The Neoproterozoic appears to be a critical time in the history of the planet. There are two major horizons of glacial deposits in the more complete sequences and each of the glacial sequences is capped by a significant thickness of laminated carbonates. These features have been interpreted by many investigators as recording alternating "icehouse" and "greenhouse" episodes in a low paleolatitude setting. Many of the glacial-carbonate sequences are several hundred meters thick and are thought to be rift basin fills. Another noteworthy feature of Neoproterozoic sequences is the association of tidally influenced sediments including significant thichnesses of tidal rhythmites.

The Neoproterozoic also appears to be a critical time in the history of the lunar orbit. Ross and Schubert (1989, JGR, 94, p.9553) did extensive calculations on a "standard" model for the evolution of a mainly circular orbit in the equatorial zone of the planet.

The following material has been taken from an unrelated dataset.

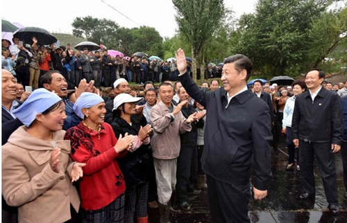 7月18日下午,習(xí)近平總書(shū)記來(lái)到了固原市涇源縣大灣鄉(xiāng)楊嶺村看望父老鄉(xiāng)親,實(shí)地考察精準(zhǔn)扶貧情況。總書(shū)記察看村容村貌,向當(dāng)?shù)馗刹苛私獯遄用撠毲闆r。

They found that under normal conditions of rock and ocean tidal energy dissipation, the lunar orbit at 1.0 to 0.6 Ga ago was at about 51 earth radii and that it expanded to about 52 earth radii when the calculation was extended to the present time. They suggested that something happened between 1.0 and 0.6 Ga ago to cause significantly higher energy dissipation rates in the oceans.

Peale and Cassen (1978, Icarus, 36, p.245) identified an orbital resonance state between jupiter's orbit and the lunar orbit when the lunar orbit is at 53.4 earth radii. They state that if the resonance is stable, then there could be "profound" effects on both the earth and moon. We have done some 4-body (sun, earth, moon, jupiter) numerical simulations (4th-order Runge-Kutta integration procedure) on the effects of this resonance. In the short (100-year) runs that we have done on both circular and elliptical lunar orbits with semimajor axes between 50.0 and 53.4 earth radii, we have found a notable increase in orbital eccentricity.

In general, a geologically short-lived forced-eccentricity episode could explain the abundance of tidally influenced sediments of that time. Enhanced solid rock tides on earth could have an influence on the development of continental rift zones and enhanced lunar rock tides could cause lunar heating leading to minor lunar magmatism.